A 150 is a 090 with the lug shrouds removed, so you should be able to imagine what it's like.


----------



## larand (May 15, 2017)

ffeingol said:


> I'm looking at getting one with the 150 case. From the renderings the watch back looks very flat. Does it have any curve / flair down on it? I have a vintage 090 that I really like if that helps for comparison.

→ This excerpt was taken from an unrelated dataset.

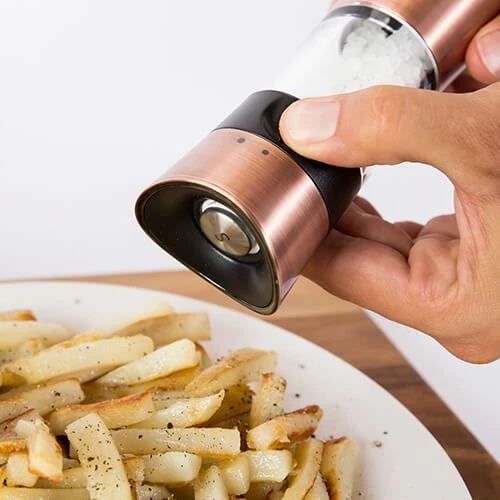 The modern design and copper and acrylic materials give this mill a contemporary styling that will look good in any kitchen or dining room.

Here's the back of my 150SE:


----------



## ffeingol (Dec 25, 2013)

@larand thanks that helps.


----------



## larand (May 15, 2017)

ffeingol said:


> @larand thanks that helps.


Glad to help. If you like the 090 case, I think you'll like the 150. I have both, and they get 90% of my wrist time.


----------



## Sanjuro82 (Mar 9, 2017)

Here's my take on these two cases:


----------



## Proliant (Nov 22, 2017)

Sanjuro82 said:


> Here's my take on these two cases:


Good comparison video. Thank you.


----------



## gorelowo11 (Oct 5, 2017)

It is not a replacement of one model by another. They are two parallel branches. The mechanisms are similar. I like 710***


----------



## svorkoetter (Dec 12, 2012)

The 150 case looks like it would be a great start to a Hamilton Pan Europ homage.


----------